Enzymatic protein hydrolysis (EPH) is one of the industrial bioprocesses used to recover valuable constituents from food processing by-products. Extensive heterogeneity of by-products from, for example, meat processing is a major challenge in production of protein hydrolysates with stable and desirable quality attributes. Therefore, there is a need for process control tools for production of hydrolysates with defined qualities from such heterogeneous raw materials. In the present study, we are reporting a new feed-forward process control strategy for enzymatic protein hydrolysis of poultry by-products. Four different spectroscopic techniques, i.e., NIR imaging scanner, a miniature NIR (microNIR) instrument, fluorescence and Raman, were evaluated as tools for characterization of the raw material composition. Partial least squares (PLS) models for ash, protein, and fat content were developed based on Raman, fluorescence, and microNIR measurements, respectively. In an effort to establish feed-forward process control tools, we developed statistical models that enabled prediction of end-product characteristics, i.e., protein yield and average molecular weight of peptides (Mw), as a function of raw material quality and hydrolysis time.

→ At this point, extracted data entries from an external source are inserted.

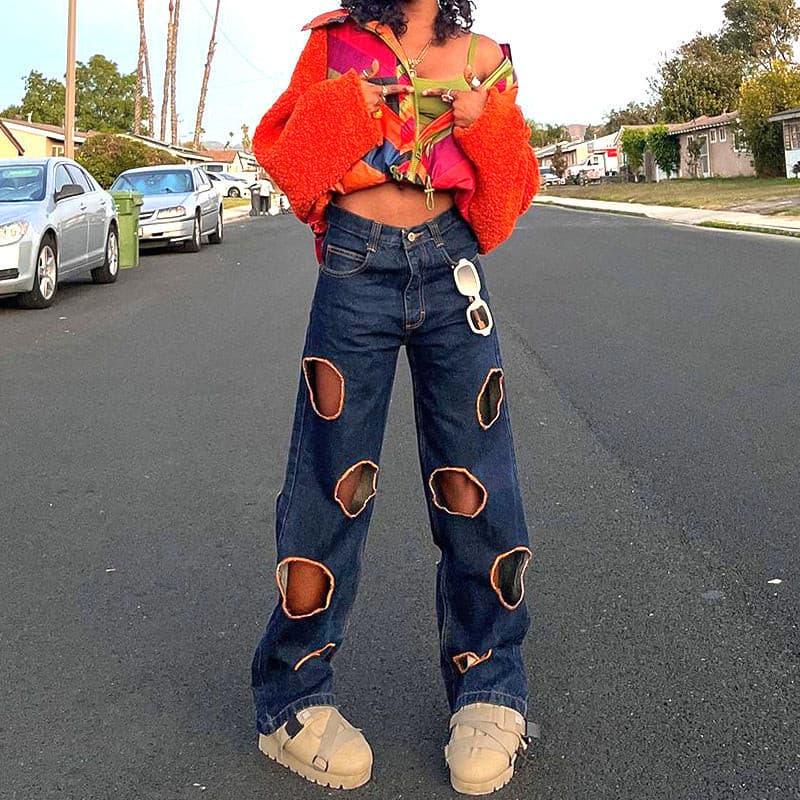This pair of jeans features a casual low waistline and baggy hip holes for an on-trend. laid-back look. Straight-leg design offers a classic. timeless silhouette. while shoulder-to-hem tapered stitching ensures a flattering fit. Durable. thick-stitched fabric offers superior mobility and comfort.
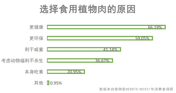 越来越多的消费者开始选择新型的植物肉产品,植物家的消费者调研显示(复选):66.19%的受访者是由于植物肉更健康而选择食用,其次是出于环保观念(59.05%),再次是看中植物肉利于减重的优势(47.14%),而考虑到不杀生、动物福利而选择的消费者则占36.67%。
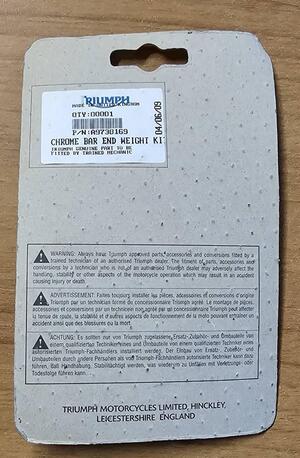 | Oggetto | CONTRAPPESI originali Triumph Thunderbird Storm 16 |
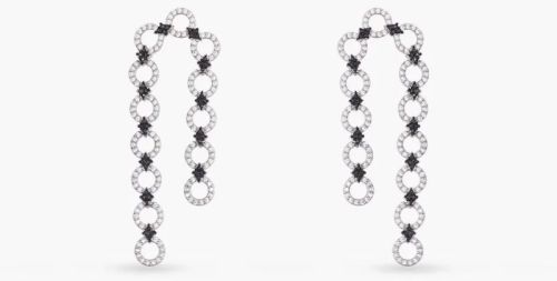 Introducing our elegant silver drop earrings, featuring a delicate line of white CZ-studded circles and black CZ-studded rhombus shapes. This graceful arrangement creates a refined monochrome pattern, offering a subtle yet sophisticated look that effortlessly enhances any outfit.Care Tips: Gold-plated silver tarnishes over time, particularly in humid conditions or with direct contact with perfumes, sanitizers, and other substances. To maintain its luster for the longest time, avoid such direct contact and store the jewelry in a zip-lock bag or its original box.
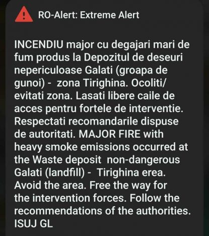 Incendiu de proporții la groapa de gunoi de lângă Galați. Se manifestă cu mare degajare de fum. A fost emis mesaj RO Alert.
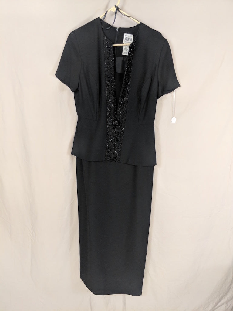 R&M Richards by Karen Kwong size 8 Sequin Black Short sleeve dress modest classic V-neck
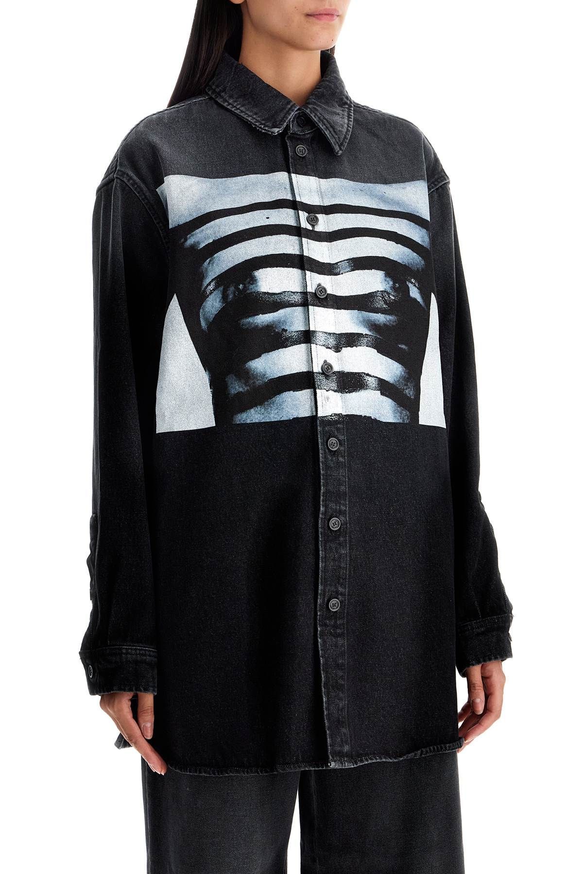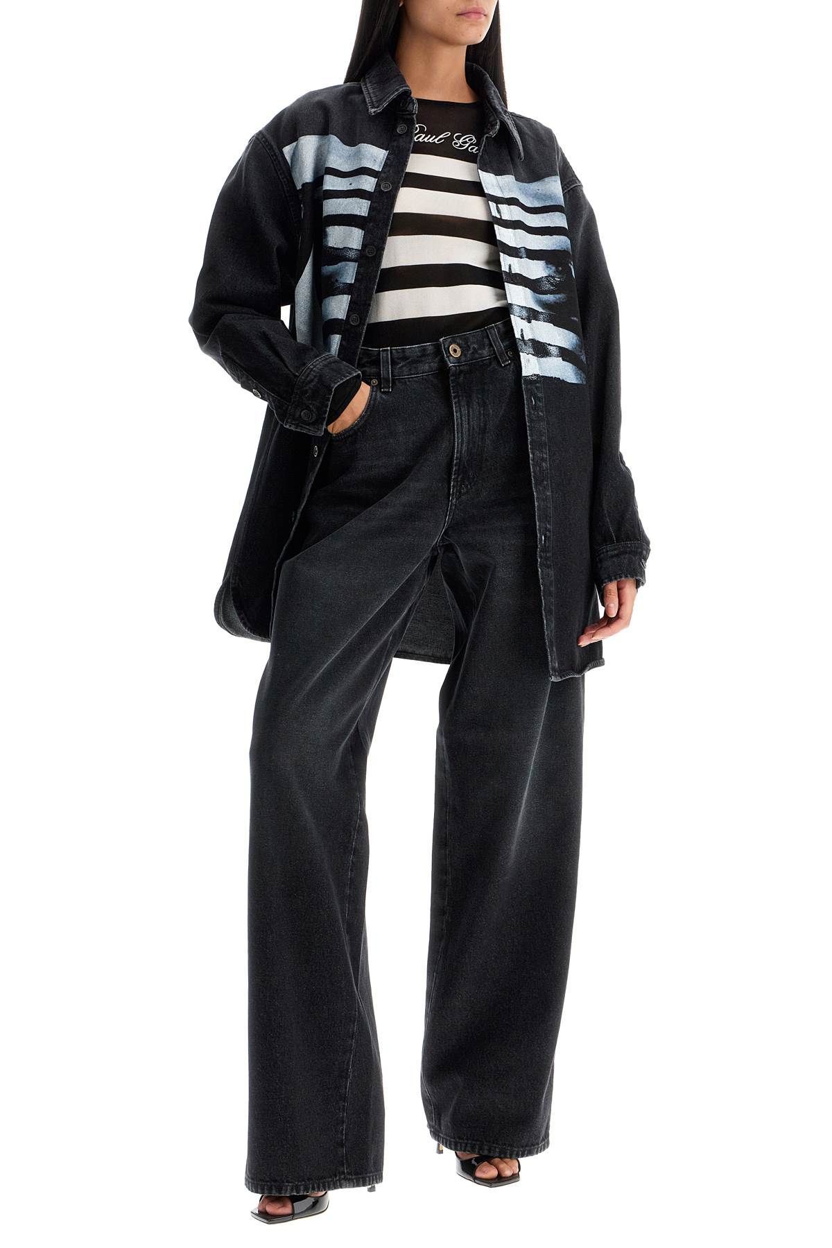 This oversized Jean Paul Gaultier shirt is made of heavy denim with a 'Body Marinière' print on the front

A multiblock sequential orthogonalised-PLS (SO-PLS) model, where spectra from one or more techniques and hydrolysis time were used as predictor variables, was fitted for the feed-forward prediction of product qualities. The best model was obtained for protein yield based on combined use of microNIR and fluorescence (R2 = 0.88 and RMSE = 4.8). A Raman-based model gave a relatively moderate prediction model for Mw (R2 = 0.56 and RMSE = 150). Such statistical models based on spectroscopic measurements of the raw material can be vital process control tools for EPH. To our knowledge, the present work is the first example of a spectroscopic feed-forward process control for an industrially relevant bioprocess.